WORK INSTRUCTION:
Here the job is to transcribe only the lines from the one containing "3. Tighten the" through the last line below, exactly as written; please leave out pictures.

Items listed in a dataset:
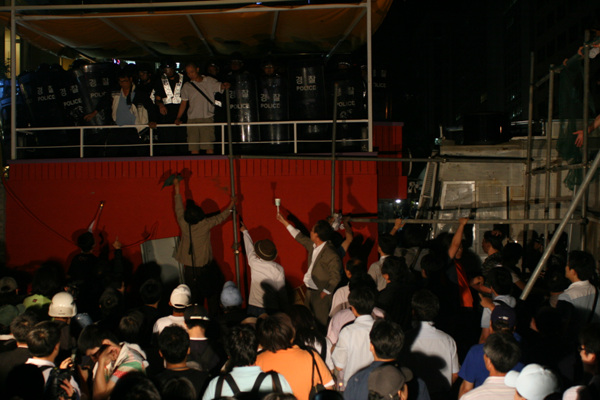 이런 와중에 '안티이명박' 깃발을 든 '이명박탄핵범국민운동본부' 회원 2백여 명은 "지하철을 이용해서라도 청와대 가까이 가자"며 저녁 8시 30분경 서대문 방향으로 나섰다.
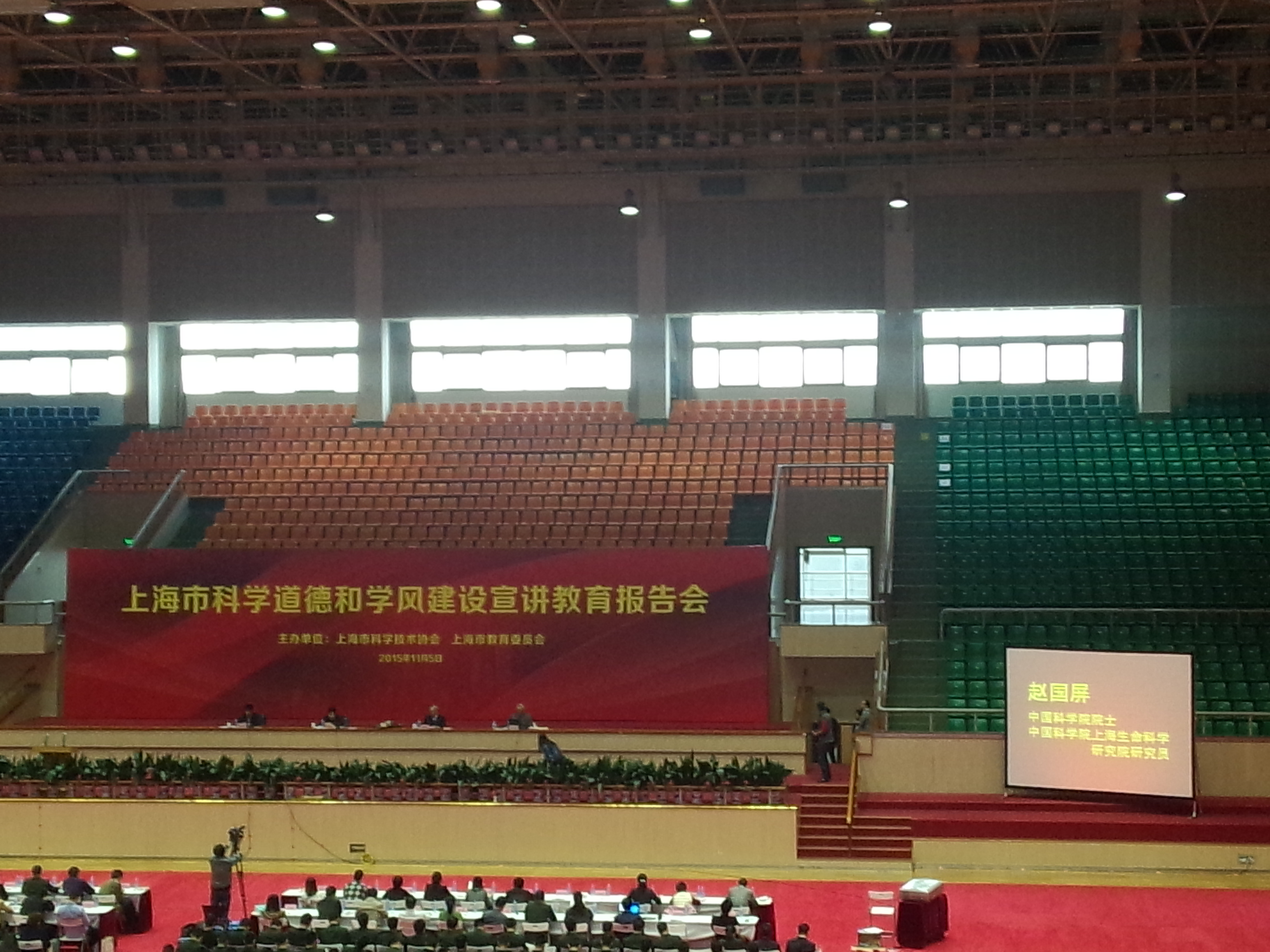 11月5日下午,由上海市科协和上海市教委联合主办的2015年上海市科学道德和学风建设宣讲报告会在上海大学体育馆举行,孙晋良,赵国屏两位院士分别作了报告。公司7名研究生代表与来自其他高校3000多名研究生及青年老师聆听了专题报告。
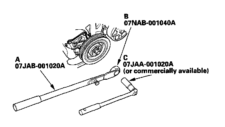 3. Tighten the bolt to 49 Nm (5.0 kgf-m, 36 ft. lbs.) with a torque wrench and 19 mm socket (C). Do not use an impact wrench.
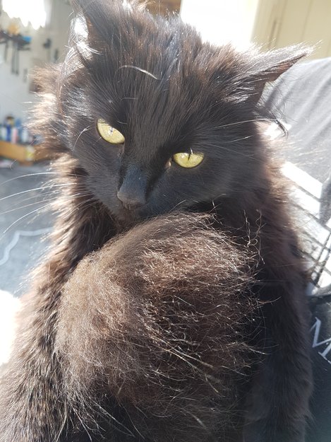 Katten er semilanghåret med noen få hvite hår på brystet.
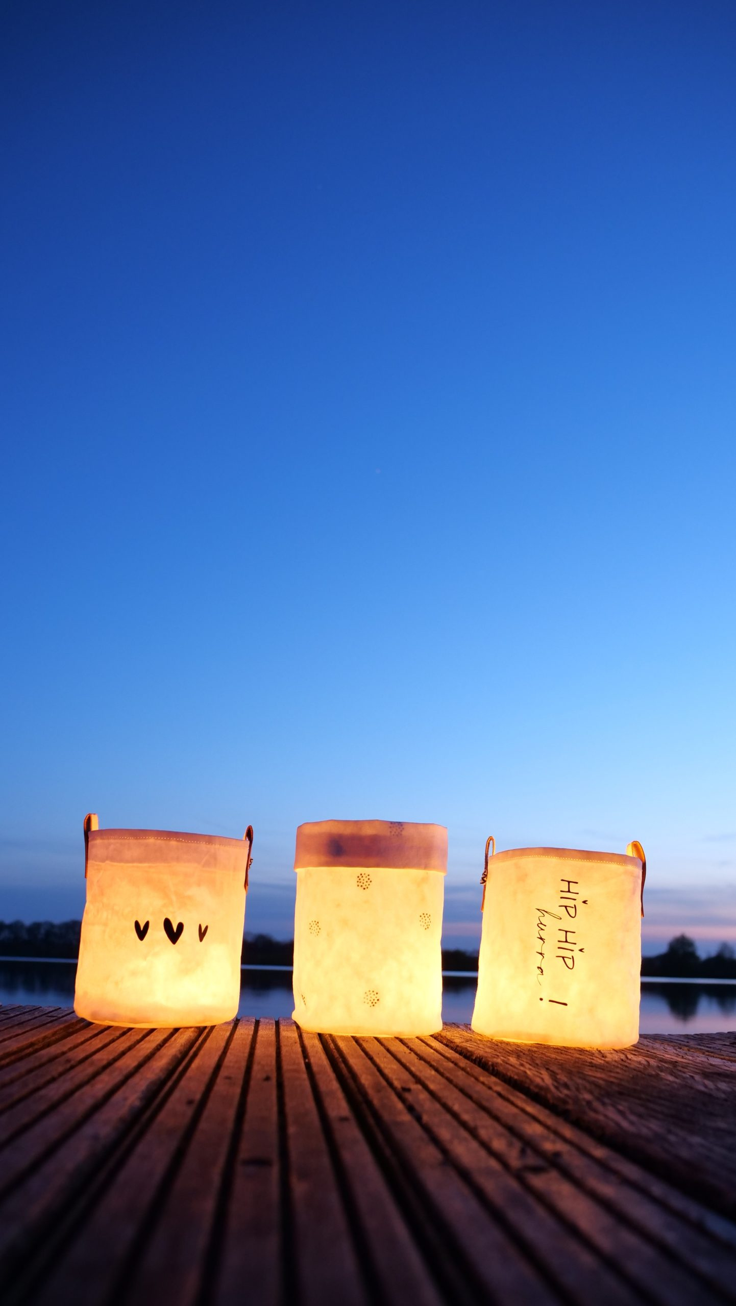 Wenn du dein Windlicht mit einem Plot versehen möchtest, empfehle ich Bügelfolie zu verwenden und den Plot vor dem Wasserbad aufzubügeln. Alternativ kannst du auch wasserfeste Stempelfarbe oder Stifte verwenden.

TASK RESPONSE:
 3. Tighten the bolt to 49 Nm (5.0 kgf-m, 36 ft. lbs.) with a torque wrench and 19 mm socket (C). Do not use an impact wrench.
 Katten er semilanghåret med noen få hvite hår på brystet.
 Wenn du dein Windlicht mit einem Plot versehen möchtest, empfehle ich Bügelfolie zu verwenden und den Plot vor dem Wasserbad aufzubügeln. Alternativ kannst du auch wasserfeste Stempelfarbe oder Stifte verwenden.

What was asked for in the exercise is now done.